:: EXERCISE REQUIREMENTS ::
Please give back exactly the line with "Gambar 2 menunjukkan" and each line after it through the end of the material, leaving out the pictures.

:: SUPPLIED MATERIAL ::
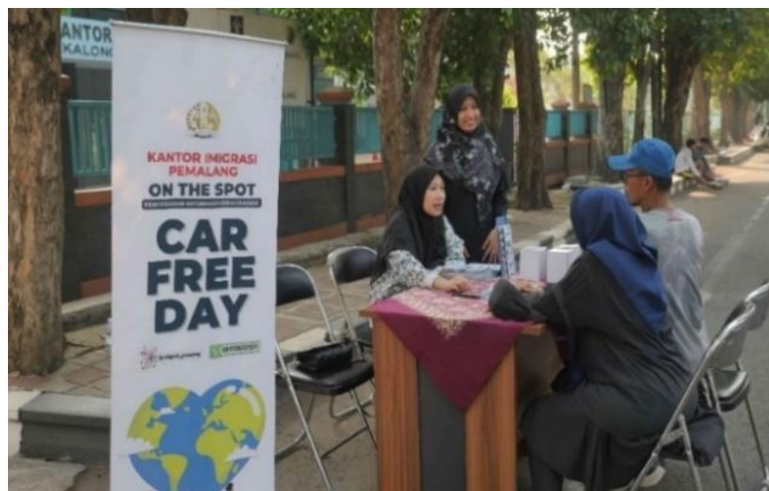
Gambar 2. Sosialisasi Pelayanan Keimigrasian

Gambar 2 menunjukkan kegiatan sosialisasi pelayanan keimigrasian yang dilakukan oleh petugas Teknologi Informasi dan Komunikasi Keimigrasian (TIKKIM) Kantor Imigrasi Kelas I Non TPI Pemalang pada acara Car Free Day yang bertempat di lapangan mataram Kota Pekalongan pada hari Minggu, 9 Juni 2024.
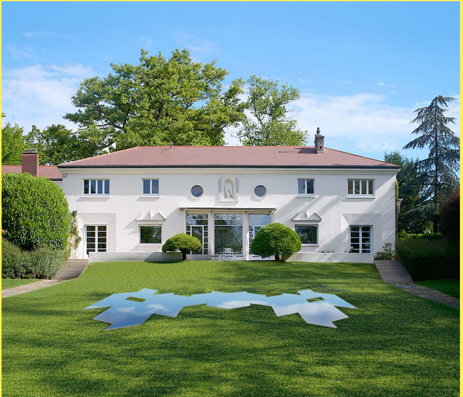
Sans 90 degrés Sky Mirror , Mathias Kiss, 2021 Installation exclusive en miroirs pour Genius Loci à L'Ange Volant. Production Mathias Kiss © Diorama.eu

:: YOUR RESPONSE ::
Gambar 2 menunjukkan kegiatan sosialisasi pelayanan keimigrasian yang dilakukan oleh petugas Teknologi Informasi dan Komunikasi Keimigrasian (TIKKIM) Kantor Imigrasi Kelas I Non TPI Pemalang pada acara Car Free Day yang bertempat di lapangan mataram Kota Pekalongan pada hari Minggu, 9 Juni 2024.
Sans 90 degrés Sky Mirror , Mathias Kiss, 2021 Installation exclusive en miroirs pour Genius Loci à L'Ange Volant. Production Mathias Kiss © Diorama.eu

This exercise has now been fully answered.